Understanding network delay is key to understanding some important aspects of network performance. The time taken to traverse the network between two hosts affects how responsive services are, and it affects the effective bandwidth available to end hosts. Measuring this information passively on servers can help provide a fine-grained indication of service responsiveness from the customer's perspective, and it simultaneously offers a network-distance metric for customers that is more useful than coarse-grained and often-inaccurate IP-based geolocation.
Measuring RTT to many hosts or customers is nontrivial. One solution is active probing, in the form of ICMP echo requests and responses (that is, ping), but this incurs additional network load.

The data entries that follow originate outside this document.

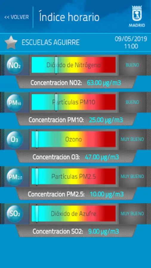 This tool, hour by hour, is updated with data provided by the monitoring system of air quality of the City of Madrid.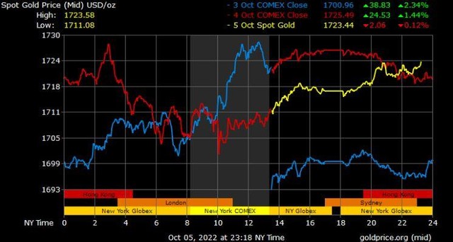 Giá vàng tương lai giao tháng 12/2022 trên sàn Comex New York giảm 9,7 USD xuống 1.720,8 USD/ounce.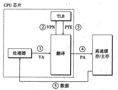 TLB是一个小的、虚拟寻址的缓存,其中每一行都保存一个PTE块,高度相连。主要是提供虚拟地址到物理地址的翻译速度。大致范围示意图如下: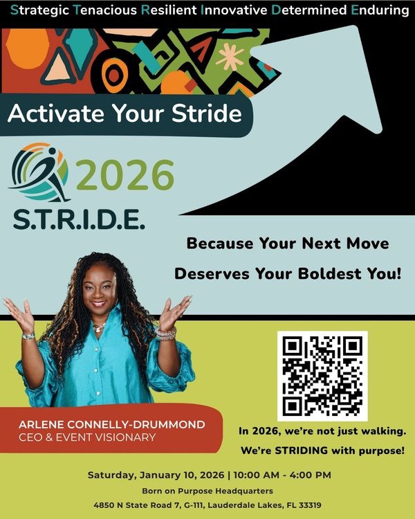 Join us on Saturday, January 10th, 2026, for an immersive, hands-on event that will ignite your purpose and set the pace for a transformative year. STRIDE 2026 is more than an event—it’s your launchpad to align your goals, refine your strategies, and move with intention toward the life you envision.
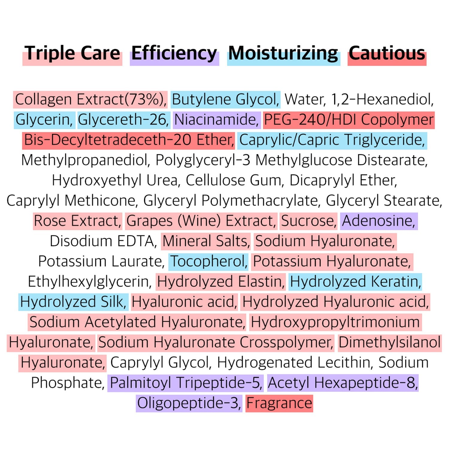 Collagen Extract(73%), Butylene Glycol, Water, 1,2-Hexanediol, Glycerin, Glycereth-26, Niacinamide, PEG-240/HDI Copolymer Bis-Decyltetradeceth-20 Ether, Caprylic/Capric Triglyceride, Methylpropanediol, Polyglyceryl-3 Methylglucose Distearate, Hydroxyethyl Urea, Cellulose Gum, Dicaprylyl Ether, Caprylyl Methicone, Glyceryl Polymethacrylate,Glyceryl Stearate, Rose Extract, Grapes (Wine) Extract, Sucrose, Adenosine, Disodium EDTA, Mineral Salts, Sodium Hyaluronate, Potassium Laurate, Tocopherol, Potassium Hyaluronate, Ethylhexylglycerin, Hydrolyzed Elastin, Hydrolyzed Keratin, Hydrolyzed Silk, Hyaluronic acid, Hydrolyzed Hyaluronic acid, Sodium Acetylated Hyaluronate, Hydroxypropyltrimonium Hyaluronate, Sodium Hyaluronate Crosspolymer, Dimethylsilanol Hyaluronate, Caprylyl Glycol, Hydrogenated Lecithin, Sodium Phosphate,Palmitoyl Tripeptide-5, Acetyl Hexapeptide-8, Oligopeptide-3, Fragrance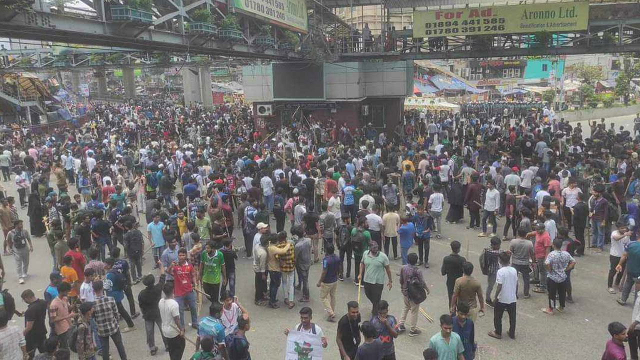সরকারি চাকরিতে কোটা সংস্কারের দাবিতে আন্দোলনরত শিক্ষার্থীদের সঙ্গে পুলিশের সংঘর্ষে রণক্ষেত্রে রূপ নিয়েছে মিরপুর-১০ গোলচত্বর। এসময় আন্দোলনকারীদের ধাওয়ায় ‘কোটাবিরোধী আন্দোলনের ওপর ভর করে স্বাধীনতা বিরোধীদের নৈরাজ্য সৃষ্টির’ প্রতিবাদে আওয়ামী লীগের বিক্ষোভ সমাবেশ অনুষ্ঠিত হচ্ছিল। যা পুরোপুরি পণ্ড হয়ে গেছে।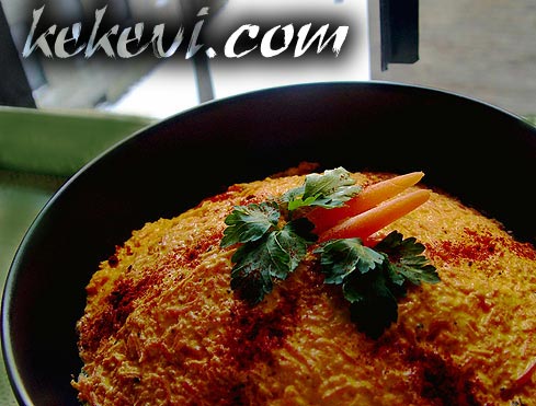 5. Servis tabağınıza alıp oval hafif kubbeli sekil verin. Çizgi halinde toz biber serpiştirin. Ortasını ufak havuç veya havuç dilimi ve maydanoz ile süsleyin. Salatanız servise hazırdır.

In some cases ICMP traffic is deprioritized, dropped completely, or routed over a different path than TCP traffic. When none of this is true, there is still the possibility that RTT is being measured to a NAT (Network Address Translator) and not to the end host exchanging data.
Another possible solution for measuring network RTT is to measure the application-layer responsiveness. This, however, implies an application-specific, ad hoc measurement performed by embedding IDs or timestamps into the TCP bytestream, which may give a misleading, inflated measurement for network RTT, depending on network conditions (more on this later).
Neither of these solutions is totally satisfactory because neither is guaranteed to measure the network RTT that affects application traffic. The timestamp information carried in TCP headers, however, offers another solution: it is effectively a network-layer RTT measurement that passes through most middleboxes such as NATs and firewalls and measures the full-path RTT between both hosts on a connection. This information provides the only noncustom RTT estimation solution available to end hosts. Tools such as tcptrace can calculate RTT using this state, but any software that can inspect packet headers (usually accomplished via libpcap) or interrogate the local system for such kernel state can passively gather network RTTs for all active connections.
The key differences between these measurements and how differing network conditions affect them are not obvious. The purpose of this article is to discuss and demonstrate the passive RTT measurements possible using TCP traffic.
TCP offers a reliable bytestream to the applications that use it; applications send arbitrary amounts of data, and the TCP layer sends this as a series of segments with sequence numbers and payload lengths indicating the chunk of the bytestream each segment represents. To achieve an ordered byte stream, TCP retransmits segments if they go missing between the source and destination (or, if an acknowledgment for a received segment goes missing between the destination and the source). To improve performance in all network conditions, the TCP stack measures RTT between it and the other host on every connection to allow it to optimize its RTO (retransmission timeout) appropriately and optimize the time taken to recover from a loss event.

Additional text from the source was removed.